Every night more than 48,000 people in Los Angeles County sleep on the streets because they do not have a place to call home. Los Angeles has the unfortunate distinction of being the epicenter of the nation’s homelessness crisis. That’s why the Chamber partnered with the United Way of Greater Los Angeles and last week launched Home For Good – a five-year strategic plan to end chronic and veteran homelessness in Los Angeles.
Home For Good is aimed at the 12,000 chronically homeless Angelenos who have been homeless for more than a year and have serious mental or physical health problems. This includes approximately 1,400 veterans – an increasing number of whom are soldiers returning from Iraq and Afghanistan. By implementing a new strategy, we can provide life-saving opportunities for the chronically homeless and at the same time free up resources for those in need of transitional services.
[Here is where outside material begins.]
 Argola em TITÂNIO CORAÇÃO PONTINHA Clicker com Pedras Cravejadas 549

The plan’s foundation is to build a network of permanent supportive housing at locations throughout L.A. County. These homes – often indistinguishable from “regular” housing – would include on-site mental health, medical and substance abuse supportive services. This “wrap-around” services approach dramatically increases the rate of success in keeping people from going back to the streets.
Home For Good will also save taxpayers millions of dollars. Los Angeles spends $875 million each year under our current system. Studies show that we can save $280 million each year under a new plan that prioritizes permanent supportive housing, because the chronically homeless are no longer cycling through the justice system, emergency rooms and receiving ad-hoc care without a long-term strategy for success.
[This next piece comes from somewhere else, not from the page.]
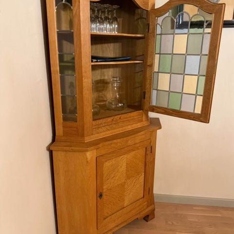 Skabet er lavet af lyst træ med fine udskæringer. Det har en skuffe og ben.

Best of all, this plan is proven to work. Cities like Denver, New York, Seattle and Atlanta have all dramatically reduced their homeless population through permanent supportive housing – and at a fraction of the cost of keeping them on the streets. While drafting Home For Good, our task force visited with leaders in those communities to evaluate their best practices and lessons learned. We’ve done the research and have already begun laying the groundwork with local elected officials and agencies that serve the homeless.
The months ahead are critical to getting Home For Good off the ground. The biggest challenge is to make sure that the City and County of Los Angeles work together to implement the strategy. Together we will push federal officials for a change in the federal funding formula for homelessness assistance that puts L.A. at an unnecessary disadvantage.
We need your help. On Dec. 1, 2010, we will ask business leaders, faith organizations, non-profits, elected officials, organizations and people like you to commit to this plan. Visit our website and read Home For Good, then lend your support by committing to this plan.
Together, we can end chronic homelessness, get people off the streets and save millions in taxpayer dollars. Most of all, we can help thousands of our fellow Angelenos find the hope, dignity and opportunity that all of us deserve – a home for good.
And that’s The Business Perspective.